The root of the paradoxes lies in a mismatch between the interpretation of the validity of logical implication in natural language, and its formal interpretation in classical logic, dating back to George Boole's algebraic logic. In classical logic, implication describes conditional if-then statements using a truth-functional interpretation, i.e. "p implies q" is defined to be "it is not the case that p is true and q false". Also, "p implies q" is equivalent to "p is false or q is true". For example, "if it is raining, then I will bring an umbrella", is equivalent to "it is not raining, or I will bring an umbrella, or both". This truth-functional interpretation of implication is called material implication or material conditional.

The paradoxes are logical statements which are true but whose truth is intuitively surprising to people who are not familiar with them. If the terms 'p', 'q' and 'r' stand for arbitrary propositions then the main paradoxes are given formally as follows:

  1. (\neg p \land p) \to q, p and its negation imply q. This is the paradox of entailment.
  2. p \to (q \to p), if p is true then it is implied by every q.
  3. \neg p \to (p \to q), if p is false then it implies every q. This is referred to as 'explosion'.
  4. p \to (q \lor \neg q), either q or its negation is true, so their disjunction is implied by every p.
  5. (p \to q) \lor (q \to r), if p, q and r are three arbitrary propositions, then either p implies q or q implies r. This is because if q is true then p implies it, and if it is false then q implies any other statement. Since r can be p, it follows that given two arbitrary propositions, one must imply the other, even if they are mutually contradictory. For instance, "Nadia is in Barcelona implies Nadia is in Madrid, or Nadia is in Madrid implies Nadia is in Barcelona." This truism sounds like nonsense in ordinary discourse.
  6. \neg(p \to q) \to (p \land \neg q), if p does not imply q then p is true and q is false. NB if p were false then it would imply q, so p is true. If q were also true then p would imply q, hence q is false. This paradox is particularly surprising because it tells us that if one proposition does not imply another then the first is true and the second false.

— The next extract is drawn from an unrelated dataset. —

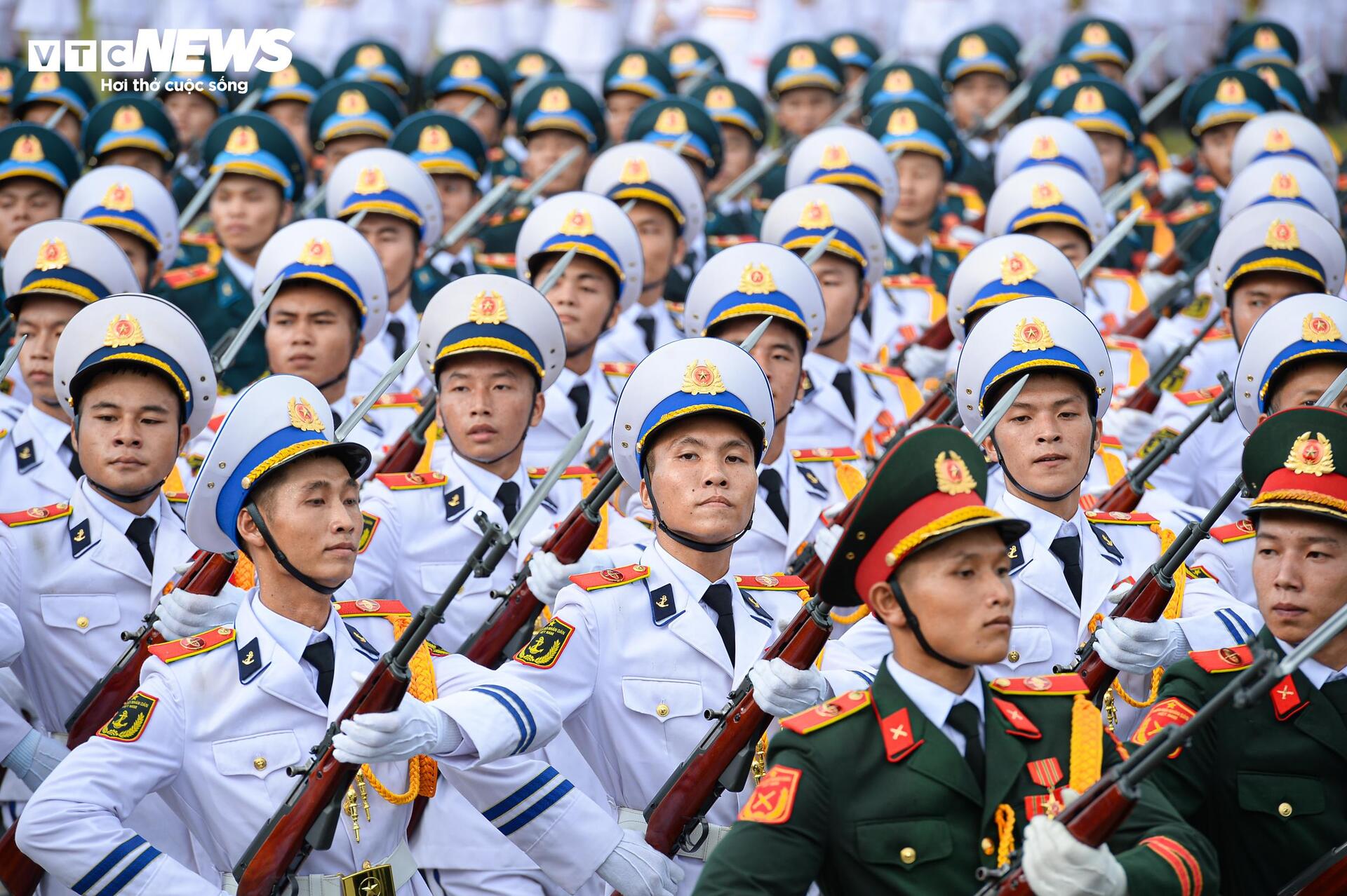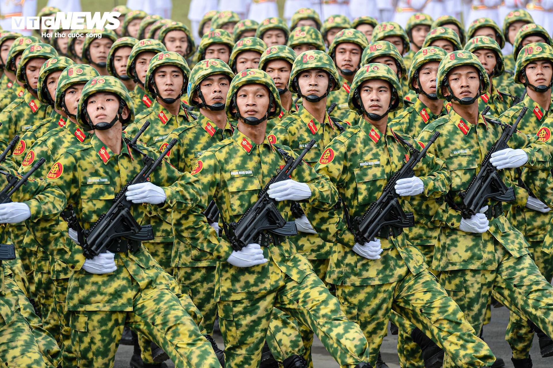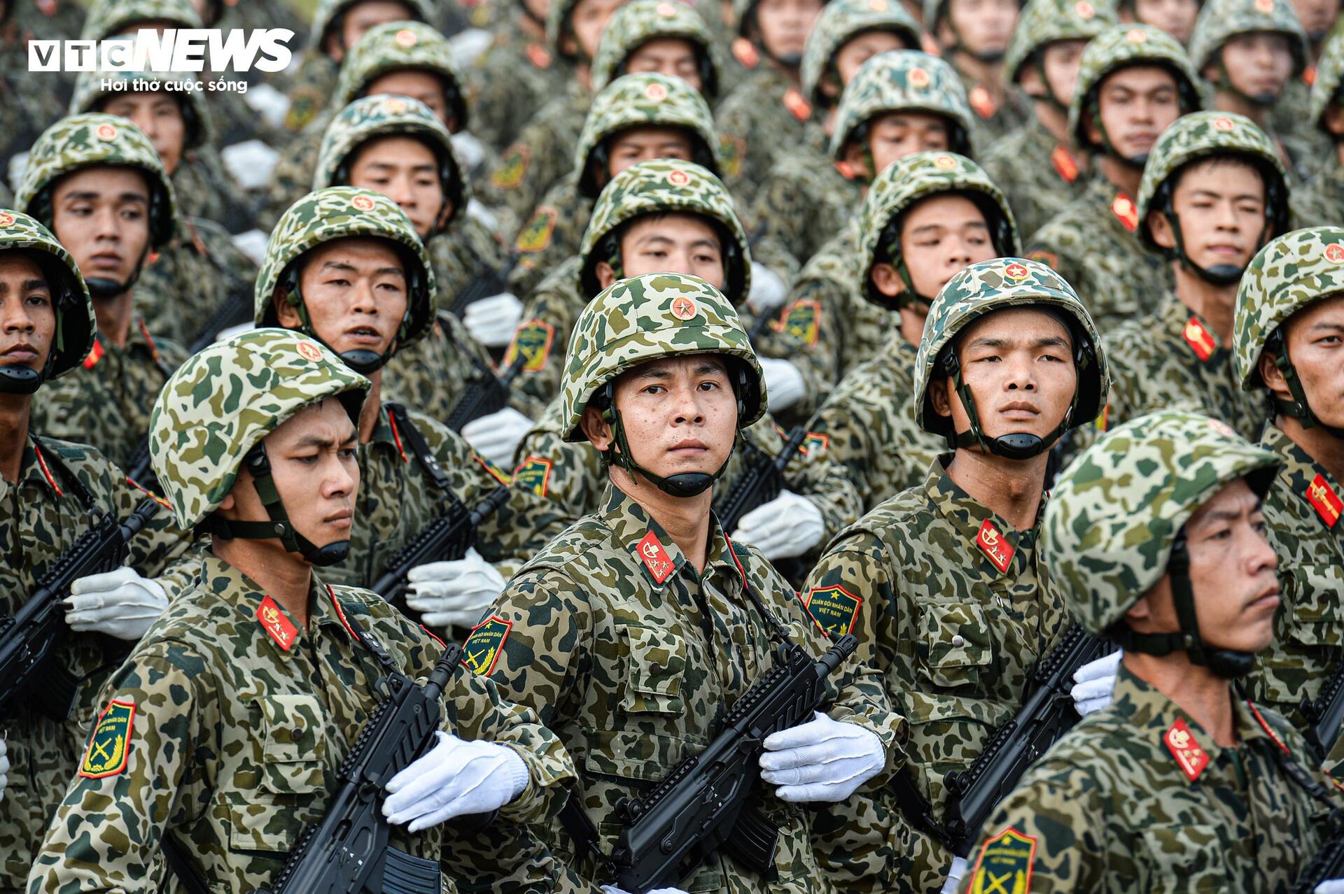| Hình ảnh các khối diễu binh diễu hành của lực lượng Quân đội nhân dân đi qua lễ đài. |

The paradoxes of material implication arise because of the truth-functional definition of material implication, which is said to be true merely because the antecedent is false or the consequent is true. By this criterion, "If the moon is made of green cheese, then the world is coming to an end," is true merely because the moon isn't made of green cheese. By extension, any contradiction implies anything whatsoever, since a contradiction is never true. (All paraconsistent logics must, by definition, reject (1) as false.) Also, any tautology is implied by anything whatsoever, since a tautology is always true.

To sum up, although it is deceptively similar to what we mean by "logically follows" in ordinary usage, material implication does not capture the meaning of "if... then".

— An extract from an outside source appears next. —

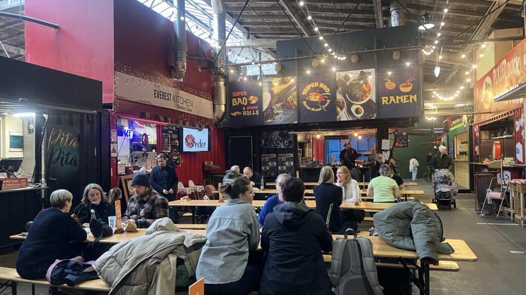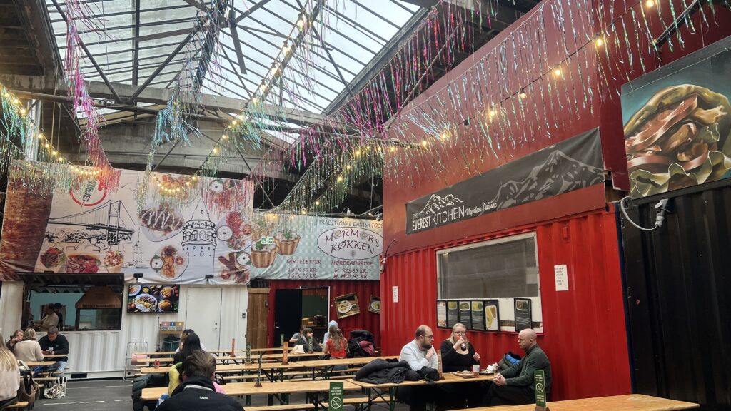 En anden ting der kan virke forvirrende første gang man besøger Aarhus Street Food er, hvor man må sætte sig. Men det er faktisk meget simpelt – du kan sætte dig der, hvor der er plads.
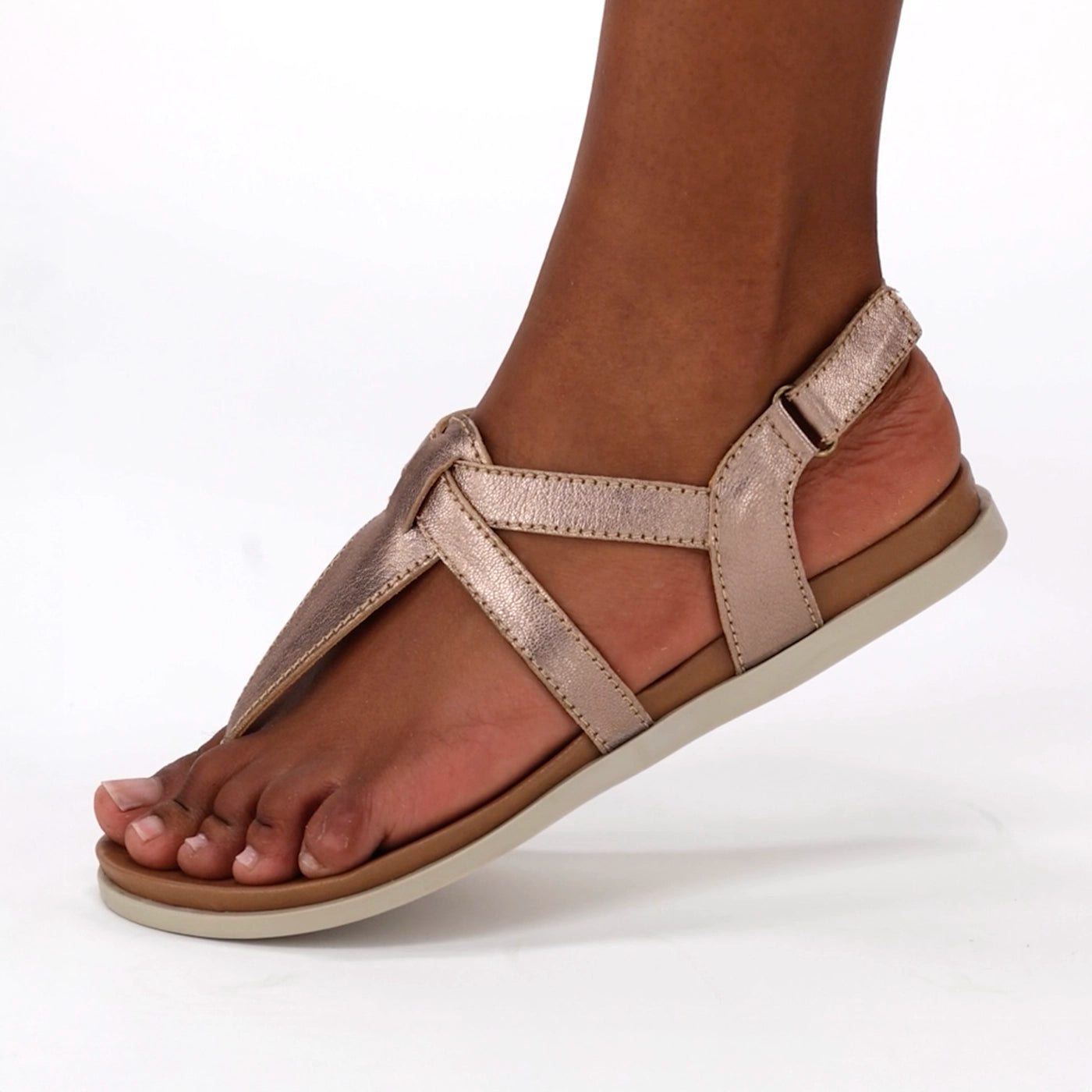 Crafted with a genuine leather upper and an strappy design, this sandal blends elegance with everyday comfort. The flat 2cm sole provides easy wear, while the locally made PU insole, moulded to gently cup the foot, offers lightweight flexibility and bounceback memory for cushioned support. Finished with a non-slip TR outsole, also locally made, this design delivers reliable stability and long-lasting durability with each step.

Paradox of entailment[edit]

As the best known of the paradoxes, and most formally simple, the paradox of entailment makes the best introduction.

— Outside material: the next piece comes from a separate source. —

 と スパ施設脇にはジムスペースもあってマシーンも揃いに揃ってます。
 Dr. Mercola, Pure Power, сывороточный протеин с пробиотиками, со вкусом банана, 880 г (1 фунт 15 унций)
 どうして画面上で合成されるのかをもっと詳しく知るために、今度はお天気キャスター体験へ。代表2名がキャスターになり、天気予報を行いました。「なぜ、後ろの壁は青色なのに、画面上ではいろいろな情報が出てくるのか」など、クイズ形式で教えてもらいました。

In natural language, an instance of the paradox of entailment arises:

It is raining

And

It is not raining

Therefore

George Washington was made of rakes.

This arises from the principle of explosion, a law of classical logic stating that inconsistent premises always make an argument valid; that is, inconsistent premises imply any conclusion at all. This seems paradoxical, as it suggests that the above is a valid argument.

Understanding the paradox of entailment[edit]

Validity is defined in classical logic as follows:

An argument (consisting of premises and a conclusion) is valid if and only if there is no possible situation in which all the premises are true and the conclusion is false.

For example a valid argument might run:

If it is raining, water exists (1st premise)
It is raining (2nd premise)
Water exists (Conclusion)

In this example there is no possible situation in which the premises are true while the conclusion is false. Since there is no counterexample, the argument is valid.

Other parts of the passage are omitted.